(Stored data entries)
Segment Open

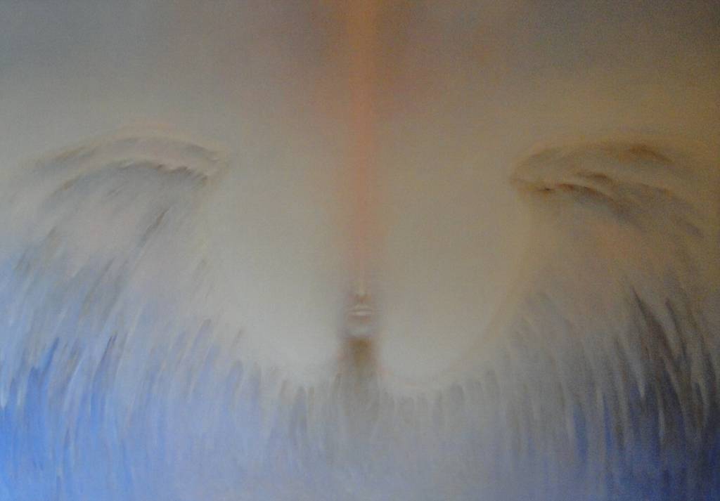 Na obrazie dominuje subtelna gra barw, od delikatnych odcieni beżu po chłodne błękity. Kompozycja przypomina eteryczne skrzydła anioła, rozciągające się symetrycznie z centralnej, rozmytej postaci. Wszystko to tworzy atmosferę ciszy i spokoju, jakbyśmy byli świadkami czegoś nieuchwytnego i tajemniczego. Artysta zastosował technikę zacierania konturów, co nadaje obrazowi lekkiej mglistości. Wprowadza to nas w stan refleksji, pozwala oderwać się od rzeczywistości. Może to nawet trochę snu przypominać. Patrząc na obraz, czuć jakby czas zwalniał, a my zatapialiśmy się w marzeniach. "Look, mamo! To chyba anioł!" - powiedziałby zachwycony malec. Ten obraz zdaje się przemawiać do naszego najgłębszego "ja", budząc w nas uczucie spokoju, a zarazem tęsknoty za czymś bardziej transcendentnym. Ostatecznie, artysta poprzez delikatną paletę i organiczne formy zaprasza nas na chwilę zadumy nad subtelnością świata i wewnętrznego pokoju.
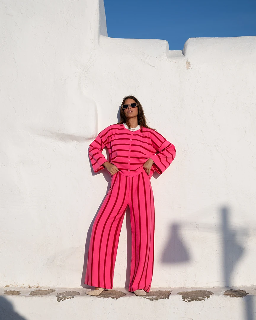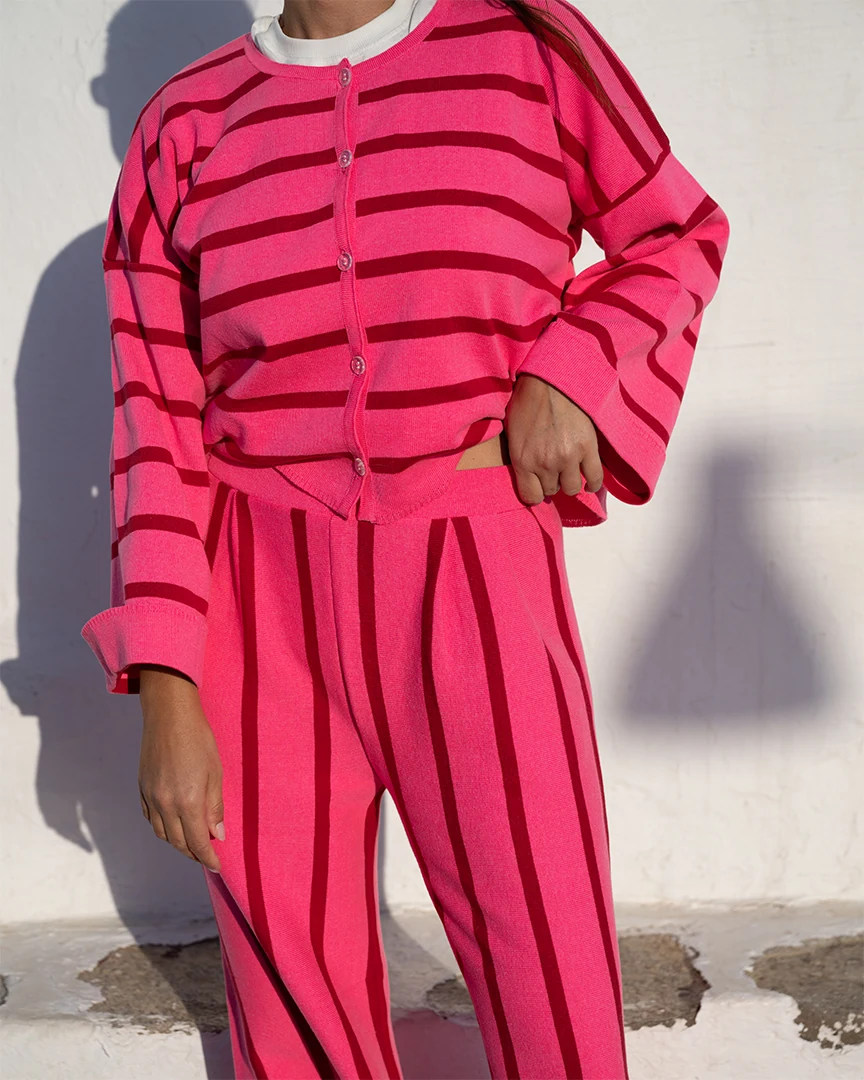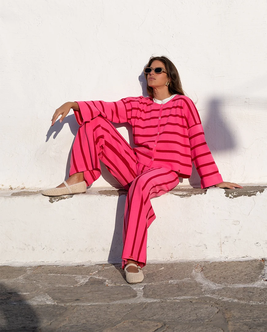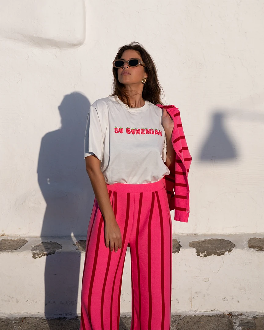 Απογειώστε το καθημερινό σας στυλ με το εντυπωσιακό Rose Trousers (Fuchsia) από τη SOBOHEMIAN. Αυτό το υπέροχο γυναικείο πλεκτό παντελόνι μαγνητίζει τα βλέμματα χάρη στο ζωηρό ριγέ μοτίβο του σε έντονες φούξια αποχρώσεις. Είναι σχεδιασμένο με γνώμονα την απόλυτη άνεση, προσφέροντας χαλαρή εφαρμογή με μακριά μπατζάκια που κολακεύουν τη σιλουέτα, και πρακτικό λάστιχο στη μέση (διατίθεται σε δύο μεγέθη: S/M και M/L). Κατασκευάζεται εξ ολοκλήρου στην Ελλάδα από εξαιρετικής ποιότητας νήμα (50% βαμβάκι, 50% ακρυλικό), χαρίζοντας απαλή αίσθηση και ζεστασιά. Αποτελεί ένα ξεχωριστό ρούχο ηθικής μόδας, ραμμένο με αγάπη σε μικρές εγχώριες βιοτεχνίες (σε αντικαπνιστικό περιβάλλον), και φτάνει στα χέρια σας μέσα σε μια κομψή, οικολογική τσάντα δώρου.
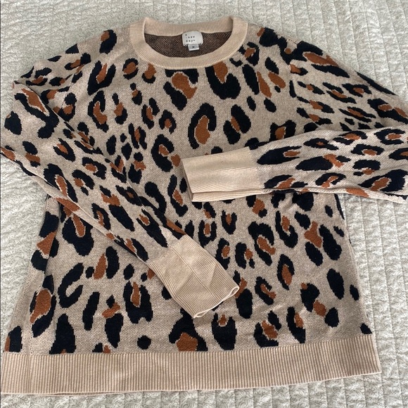 Leopard print crew neck sweater, size M, smoke free home, good condition
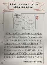 令和6年9月24日(火) <献立> ・鶏肉のソイクリームライス ・レンズ豆のス...
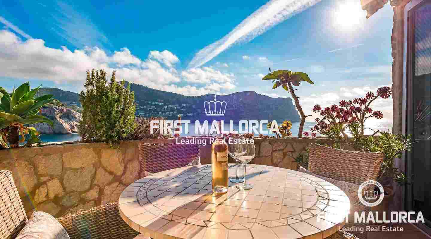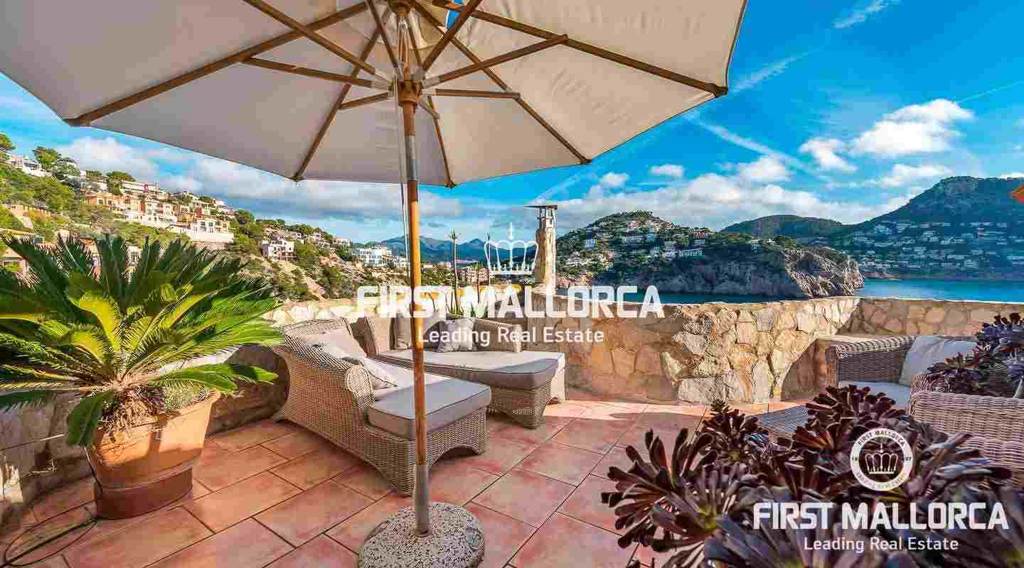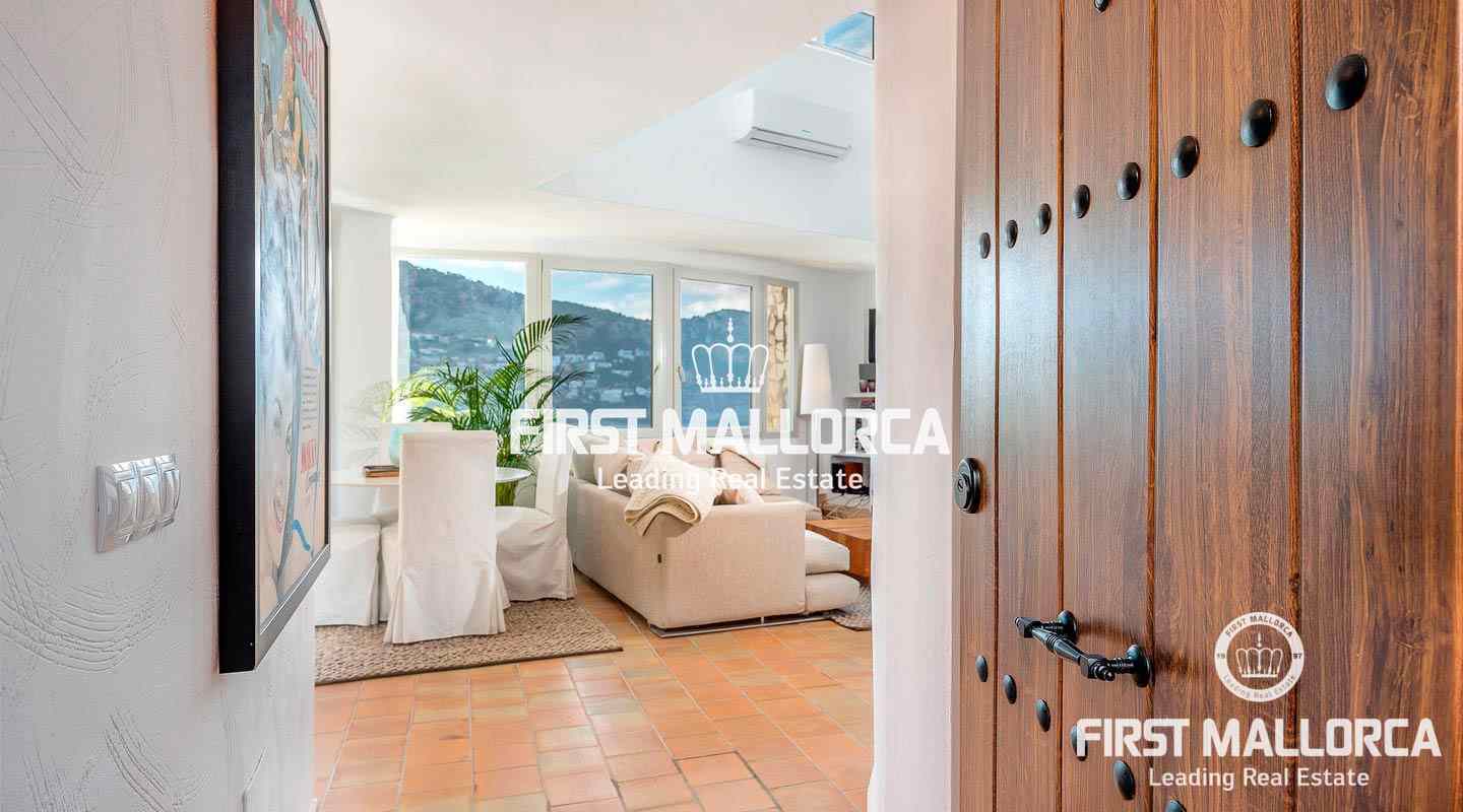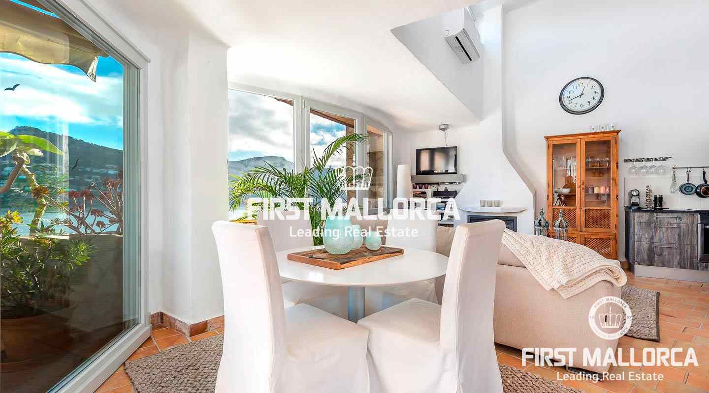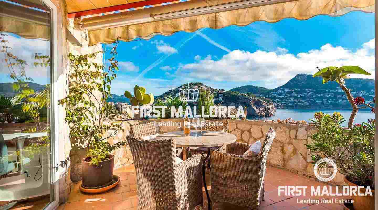 Diese schöne 2-stöckige Wohnung im mediterranen Stil gehalten, genießt eine Bestlage in erster Meereslinie und einen atemberaubenden Blick über die Bucht Cala Marmacen in Puerto Andratx. Sie verfügt über 2 Schlafzimmer, 2 Badezimmer, eins davon en Suite, eine moderne, offene Küche und ein Wohnzimmer mit Zugang zu einer teilüberdachten Terrasse. Zudem gibt es eine große Dachterrasse mit Platz für eine Grillecke, einen Gemeinschaftspool, doppelt verglaste Fenster und eine Klimaanlage.Vereinbaren Sie einen persönlichen Besichtigungstermin mit uns.

Segment Closed

**ASSIGNMENT**.
Set the pictures aside and repeat only the lines from the one containing "令和6年9月24日(火) <献立> ・鶏肉のソイクリームライス ・レンズ豆のス..." through the last line of the entries above, exactly as they stand.

**ANSWER TO THIS TASK**.
 令和6年9月24日(火) <献立> ・鶏肉のソイクリームライス ・レンズ豆のス...
 Diese schöne 2-stöckige Wohnung im mediterranen Stil gehalten, genießt eine Bestlage in erster Meereslinie und einen atemberaubenden Blick über die Bucht Cala Marmacen in Puerto Andratx. Sie verfügt über 2 Schlafzimmer, 2 Badezimmer, eins davon en Suite, eine moderne, offene Küche und ein Wohnzimmer mit Zugang zu einer teilüberdachten Terrasse. Zudem gibt es eine große Dachterrasse mit Platz für eine Grillecke, einen Gemeinschaftspool, doppelt verglaste Fenster und eine Klimaanlage.Vereinbaren Sie einen persönlichen Besichtigungstermin mit uns.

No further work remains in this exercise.